Suppose we start our AI off with the intentional stance, where we have a high-level description of these human objects as agents with desires and plans, beliefs and biases and abilities and limitations.

What I’m thinking when I say we need to “bridge the gap” is that I think if we knew what we were doing, we could stipulate that some set of human button-presses is more aligned with some complicated object “hDesires” than not, and the robot should care about hDesires, where hDesires is the part of the intentional stance description of the physical human that plays the functional role of desires.

For the reasonable option, two other statments hold true. At least one of which fails for all totally unreasonable rules of similar Komalgorov complexity that I can think of.

1) π(h) is good at optimizing R, (much better than random).

2) p(R) is Quickly computable. As opposed to the fully rational planner, with every bias turned into a goal, which would be slow to compute (I think).

Shifting all biases to goals should also increase the complexity of the goal function.

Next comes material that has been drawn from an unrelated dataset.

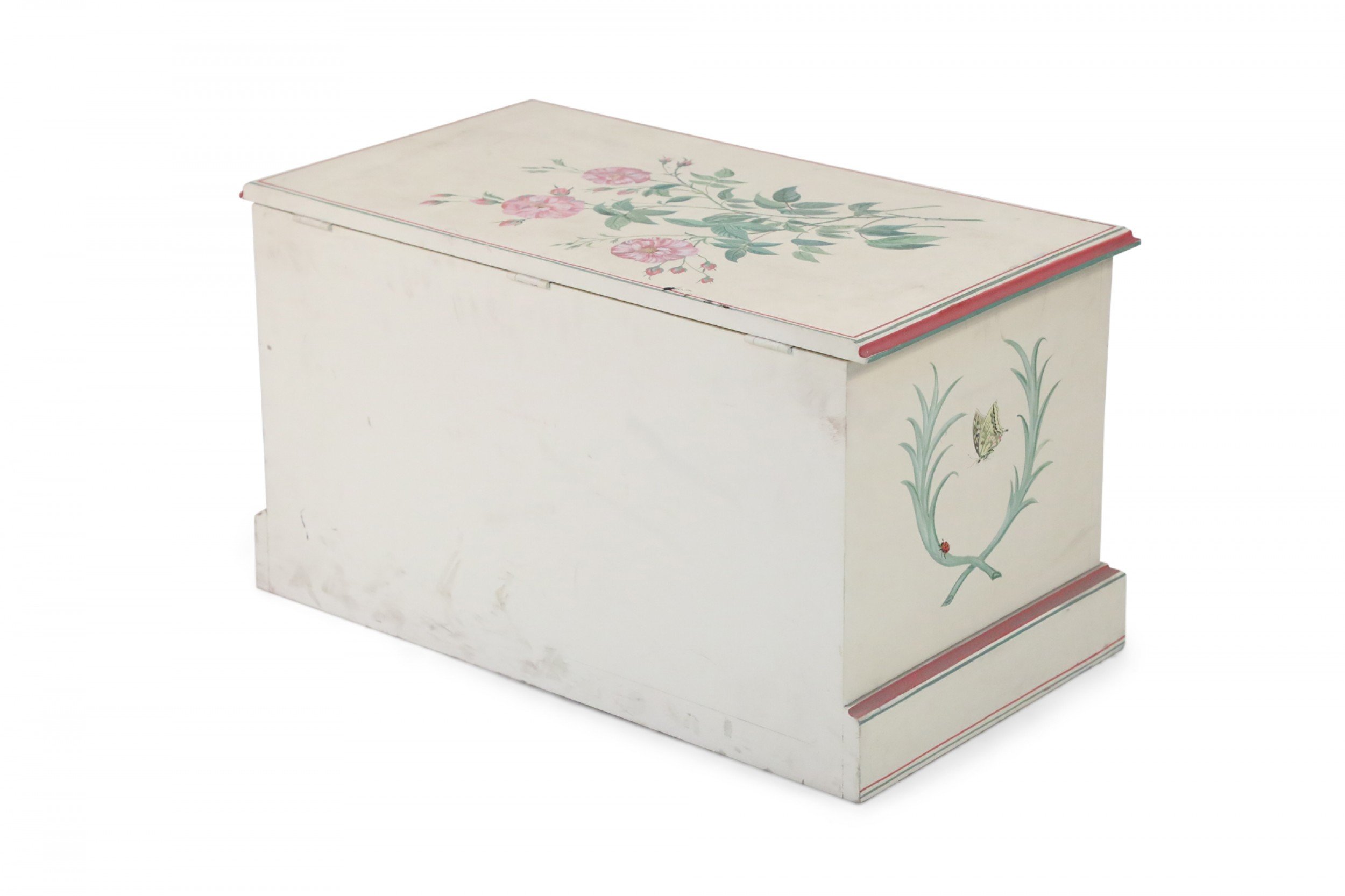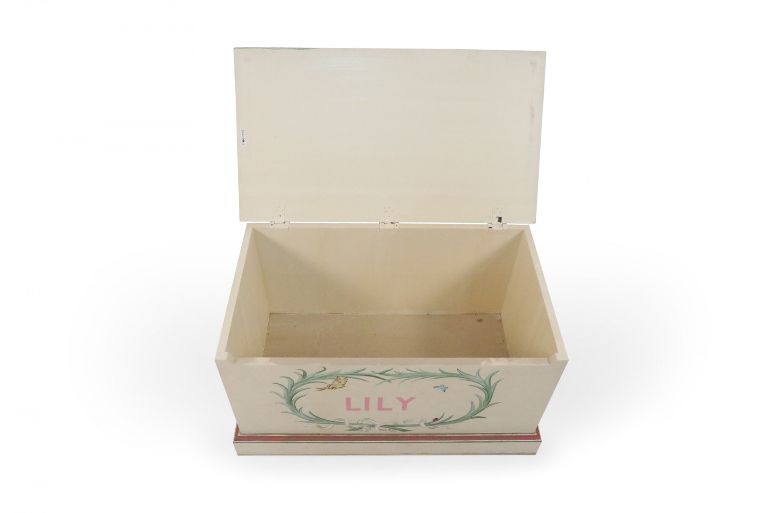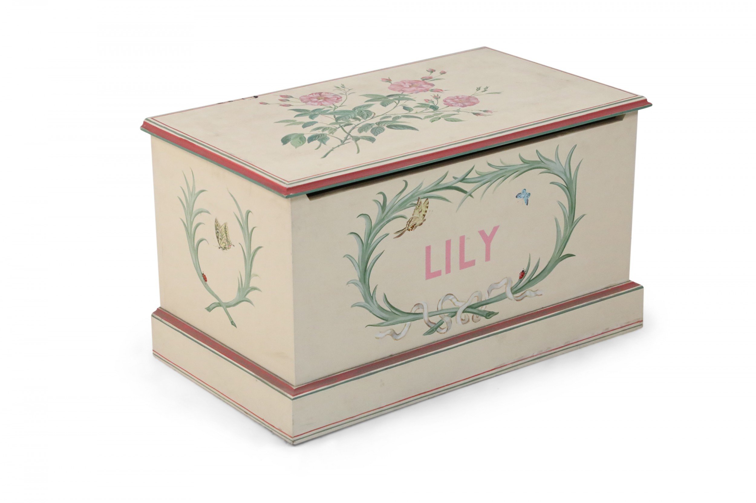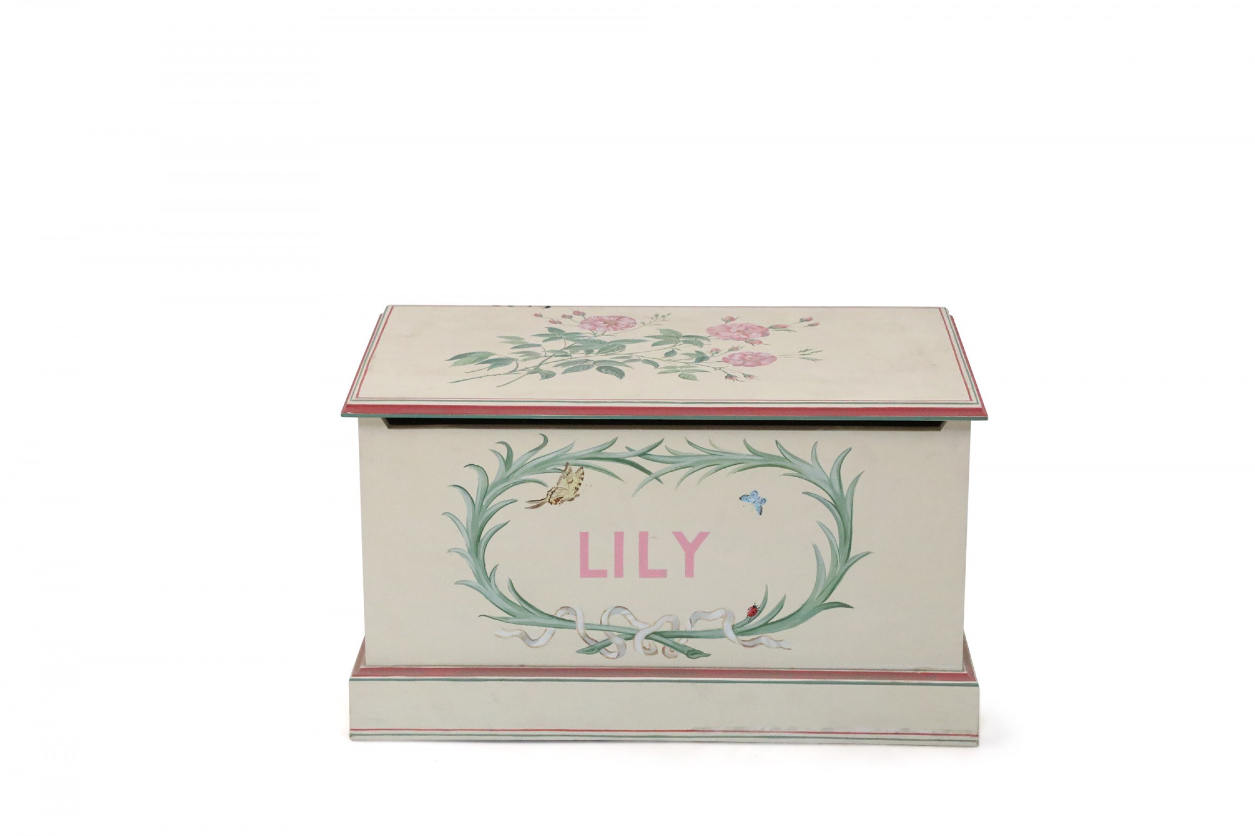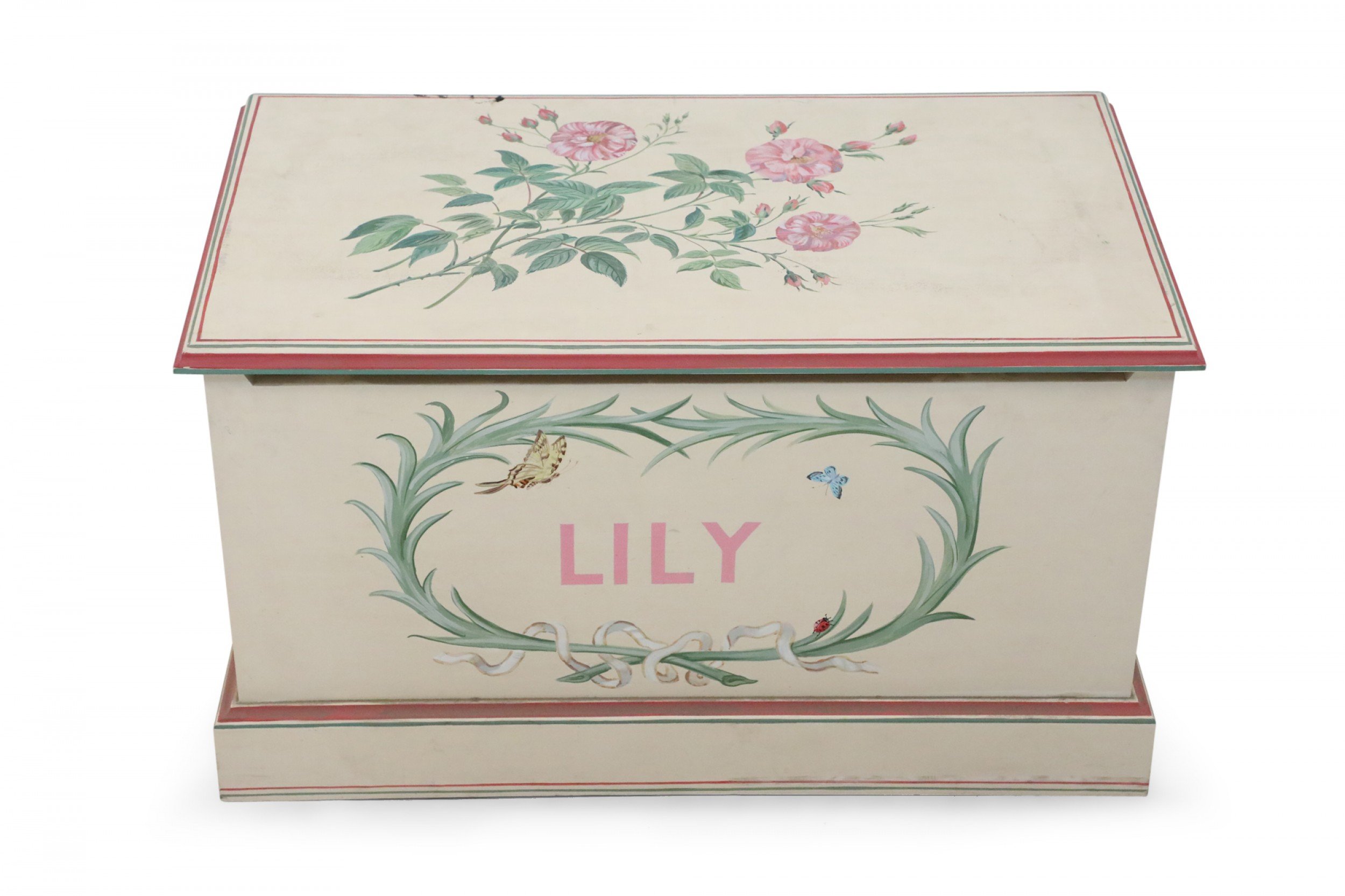 Contemporary American Country style beige painted wooden floor trunk painted with red and green trim, and decorations of florals, laurels, butterflies and ladybugs on the top, front and sides, along with the name "Lily"" on the front..

Even just insisting that R is simple (low Komelgorov complexity), and p is effective (displays many bits of optimization pressure towards R) should produce results more sane than these. (Maybe subtly flawed?)

EDIT: This has a tendancy to locate simple instrumental subgoals. Eg maximise entorpy.

I agree you can add in more assumptions in order to get better results. The hard part is a) how you know that your assumptions are always correct, and b) how you know when you have enough assumptions that you will actually find the correct p and R.

(You might be interested in Inferring Reward Functions from Demonstrators with Unknown Biases, which takes a similar perspective as you quite explicitly, and Resolving human values, completely and adequately, which takes this perspective implicitly.)